Now that I've had a chance to look through the Bugzilla for this bug 
(#4448), I'd like to add a little more.

The comment attached to the request for a fix on this behavior was, "One 
can argue, that jars are never empty, as they must always contain at
least a manifest - I think this is the logic behind the current behavior."
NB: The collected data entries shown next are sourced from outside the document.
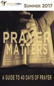 As followers of Jesus, we know that prayer is essential and valuable for our relationship with Him. We know we need to be praying more frequently, with more energy, and with greater persistence; but too often, we neglect this core component of our Christian walk. This summer, in conjunction with Pastor Troy’s sermon series Prayer Matters, we have assembled a 40-Day Prayer Guide that will aid and direct our prayer life – both as individuals and as a corporate body.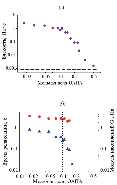 На рис. 5а, 5б представлены зависимости вязкости при нулевой скорости сдвига, значения модуля накопления при высоких частотах (при 10 рад/c) и терминального времени релаксации, определенного как обратная величина частоты, при которой G'=G" [33]. На зависимостях можно выделить 2 области: слабого падения реологических параметров и резкого падения вязкости и времени релаксации. В первой области (при мольной доле ОАПА до 0.1) вязкость падает лишь в 3 раза, время релаксации также падает в 3 раза, а значения модуля накопления практически не изменяются, что хорошо видно на рис. 3а. Постоянство модуля накопления указывает на неизменную плотность сетки зацеплений [3, 31], а изменение вязкости и времени релаксации можно объяснить уменьшением средней длины мицелл и одновременно увеличением их количества [34]. Причем длина мицелл уменьшается слабо, так как вязкость зависит от длины в третьей степени, как было указано выше. Ранее было найдено, что в случае достаточно плотной сетки зацеплений, когда средняя длина мицелл сильно превышает длину субцепей, значение модуля накопления не изменяется при уменьшении средней длины червеобразных мицелл [34]. Можно полагать, что это будет выполняться до тех пор, пока длина червеобразных мицелл не станет короче длины субцепей в сетке зацеплений [29].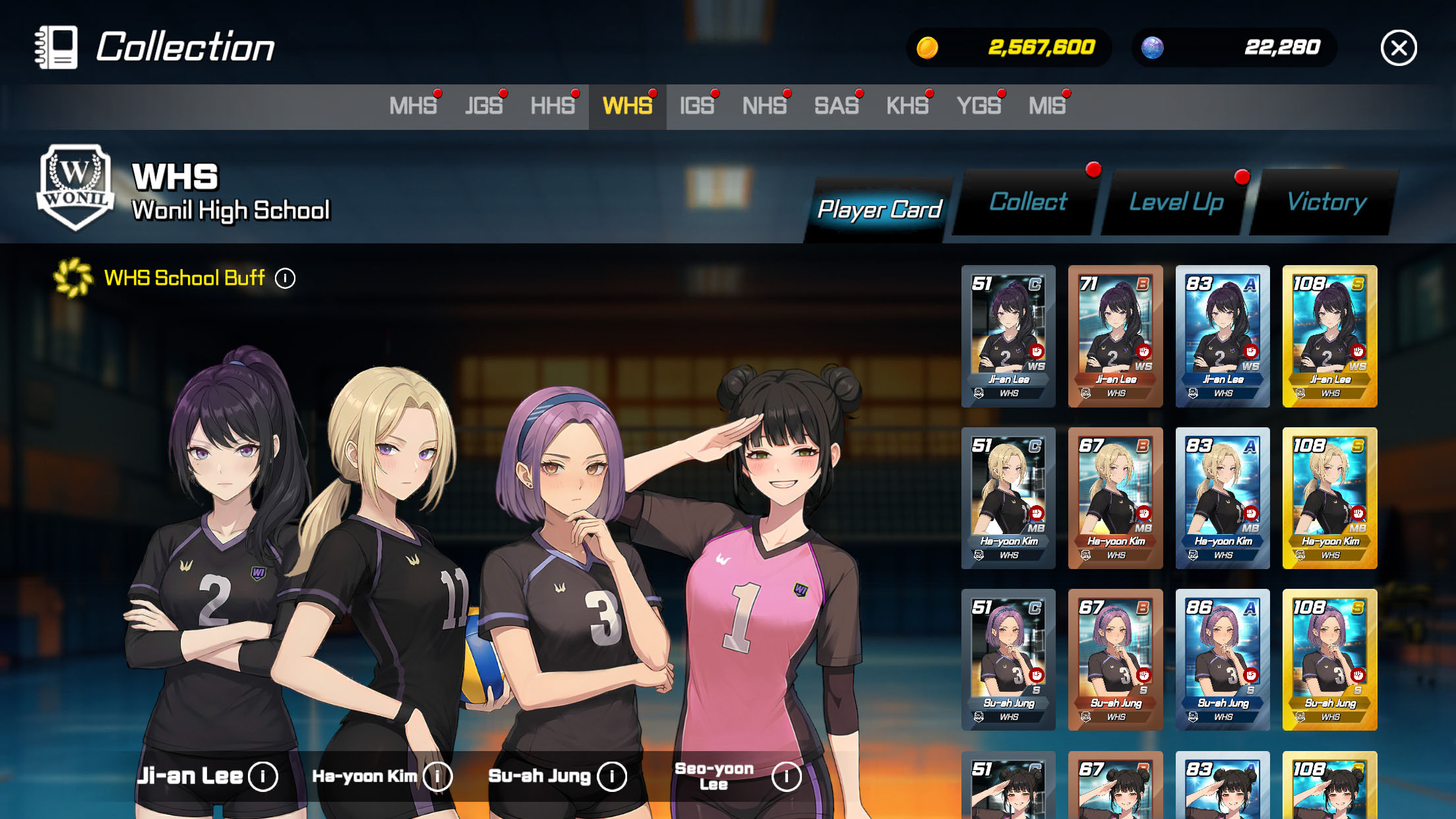 Соберите свою идеальную команду, набирая игроков с уникальными навыками из разных школ. Собирайте наборы карт для конкретных позиций и активируйте мощные школьные бонусы, выставляя на поле товарищей по команде из одной и той же альма-матер. Вы можете тренировать своих игроков, настраивать скины мячей и фоны лобби, а также разрабатывать стратегические комбинации персонажей, чтобы побеждать все более сильных противников.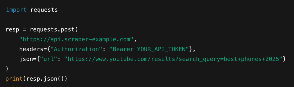 If you’re scraping YouTube SERPs at scale or need rock-solid reliability, a managed web scraping API is often the easiest and safest choice. Instead of juggling proxies, solving CAPTCHAs, spoofing fingerprints, or running fleets of browsers, these services let you request a YouTube URL and instantly receive clean HTML or structured JSON. Everything, including proxy rotation, device emulation, JavaScript rendering, retries, and user-agent management, is handled for you behind the scenes.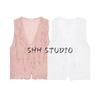 Spring and Summer New Women's Clothing Sweet Style Asymmetric Hem Laminated Decoration V Neck Sleeveless Tops 2917219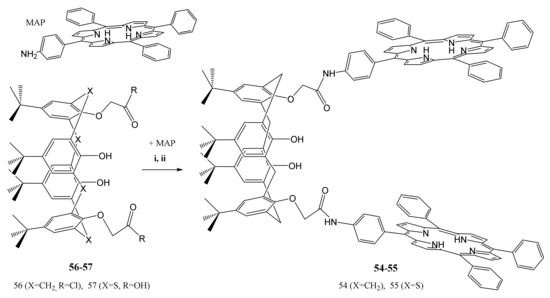 Several different approaches for the synthesis of Bis-porphyrin-calixarenes have been developed [37,42]. First, Bis-porphyrin-calixarenes (54–55), in which porphyrin moieties are linked to the calix[4]arene fragment through amide bridges, were synthesized by two methods: (i) by reaction of calix[4]arenes acyl chloride (56) with monoaminotetraphenylporphyrinininin the presence of base (Et3N); (ii) by a direct reaction of carboxylic acid (57) with monoaminotetraphenylporphyrin using dicyclohexylcarbodiimide as a coupling agent (Scheme 15) [42].

This doesn't make sense to me at all.  To begin with, the jar tool allows 
creation of a jar without a manifest file (through the -M switch).  Secondly, 
there are situations where a jar may be truly empty (no manifest, no files), but because of
the current implementation, Ant makes something from nothing (auto-generates a manifest file)
and creates what should be a 
non-existent (skipped) jar file.

In short, ignoring the -M switch, the statement above is correct.  Jars are never empty, as
they must contain at least a manifest.  Which means that 
if there's no user-specified manifest, and no files, the jar shouldn't even be 
created.  This was the functionality in Ant 1.3, and it seems really odd to remove it for
Ant 1.4.

Some might wonder, "why call the jar task when there's no need for a jar 
to begin with?"

The answer: sometimes creation of a jar is conditional on which project is 
being built.  I used the "skip" functionality to create a generalized Ant script for our company's
various Java apps.  Most of them create A.jar, some of them create B.jar, and a few create
C.jar.  Ant 1.3 (with actual skip functionality) handles the generalized script very nicely.
 Under Ant 1.4, I'd either have to write my own jar task to re-implement the 
setWhenempty() function, or set up separate targets for each jar and put 
in the appropriate <available> tasks - both kludgy solutions.

I don't see what the harm is in allowing the Jar task to skip the creation of 
a truly empty (no user-specified manifest, no files) archive, and removing 
that functionality seems to be a step backwards.